The “Leather Jacket That Hasn't Been Properly Preserved” Relationship
For ages people have clung to vintage leather jackets, wearing them when appropriate and taking very good care of them. When a leather jacket hasn't been properly maintained, we arrive to our final example: the “leather jacket that hasn't been properly preserved” relationship.

Let’s say that you received a fantastic vintage leather jacket as a gift. You wore that jacket every day when the weather permitted it. Then, one day, you move to a warmer climate and that leather jacket suddenly doesn't serve the purpose in which it was designed.

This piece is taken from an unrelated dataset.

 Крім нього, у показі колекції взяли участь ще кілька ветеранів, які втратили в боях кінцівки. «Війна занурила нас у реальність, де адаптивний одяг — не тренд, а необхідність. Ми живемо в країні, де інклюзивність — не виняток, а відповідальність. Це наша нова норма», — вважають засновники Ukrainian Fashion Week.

Unfortunately, you left it residing in a moving box stored in your outdoor shed, until one day, you pull it out, and you realize that you haven’t been taking care of it, and it shows. You failed to protect it and condition it. By abandoning the jacket’s simple, yet obvious needs for longevity, you wonder if it will ever be able to be worn again. Will you be able to restore it, to take the time to nurture it back to what it once was, or will it eventually have to be discarded in the trash?

Why in the world have I taken the time to sit here, analyzing and creating lengthy relationship analogies?

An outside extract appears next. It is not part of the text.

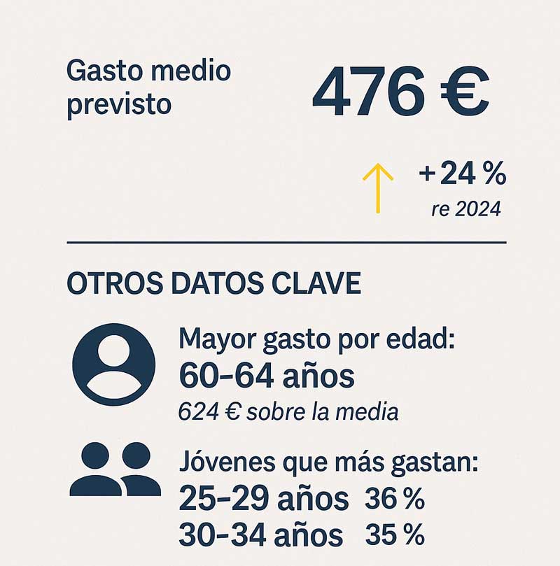 Pese al aumento del gasto medio, el 50 % de los españoles afirma que mantendrá el mismo nivel de consumo que en 2024, y un 27 % incluso planea gastar menos, cinco puntos menos que el año pasado. La prudencia sigue presente en muchas familias, que buscan disfrutar sin disparar su presupuesto.

Only for the most obvious reason that I have had recent encounters with certain friends and/or family that fit into almost each and every example I have put forth in this post.

I reconnected with an old friend who I hadn't spoken with for at least two years. That relationship was like the scotch. Even though we hadn't said one word to each other in those 24 or so months, it was like we never had been apart.

Unfortunately, I've also discovered the sad realization that one of my other most-valued and highly-regarded relationships has turned into the leather jacket. It hadn't been properly maintained and because of that, I’m not sure if any kind of restoration agents will ever be able to revive it; all due to preconceived notions of what one thinks of the other (and vice-versa). I’m hoping it can be saved, but even it can, there’s still the offset chance that it’ll end up turning into the other kind of leather jacket.

On a much more positive note, the relationship I’m most proud of is my marriage, which has turned into the grand piano. Despite minor issues, which are usually addressed and resolved rather quickly, it still plays just as beautifully as it did the first day it arrived, even more so, if I don’t say so myself.

My advice to you is this: it's up to you (as well as it is solely your responsibility) to properly decipher each of your valued relationships, and to treat each of them with the correct and proper manner as mentioned above. And may you be able to successfully restore any leather jackets that currently reside in your shed.